# WORK INSTRUCTIONS:
Your answer must be the exact lines from the one with "La riqueza histórica de una" to the end of the data, both included, with no pictures.
══ RECORDED INFORMATION ══
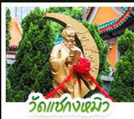
วัดซ่งก่งเมียว
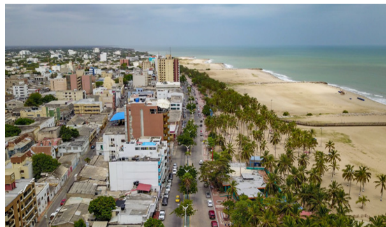
La riqueza histórica de Riohacha que seduce por sus bonitos paisajes, y el valor de su arquitectura colonial.

La riqueza histórica de una ciudad que seduce por sus bonitos paisajes, el incommensurable valor de su arquitectura colonial y toda una amalgama sociocultural de profundas raíces, también son dibujados en 'Mi Rio-
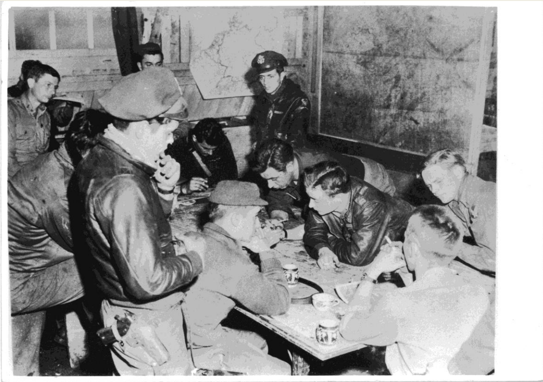
Foto: Piloten tijdens de briefing met kaarten van de regio op de achtergrond. De foto is vermoedelijk genomen tijdens het Ardennenoffensief omdat ze zelfs tijdens de briefing bewapend zijn. Men verwachtte vijandelijke aanvallen van parachutisten of zogenaamd Skorzeny commando's.
═══
# REPLY:
La riqueza histórica de una ciudad que seduce por sus bonitos paisajes, el incommensurable valor de su arquitectura colonial y toda una amalgama sociocultural de profundas raíces, también son dibujados en 'Mi Rio-
Foto: Piloten tijdens de briefing met kaarten van de regio op de achtergrond. De foto is vermoedelijk genomen tijdens het Ardennenoffensief omdat ze zelfs tijdens de briefing bewapend zijn. Men verwachtte vijandelijke aanvallen van parachutisten of zogenaamd Skorzeny commando's.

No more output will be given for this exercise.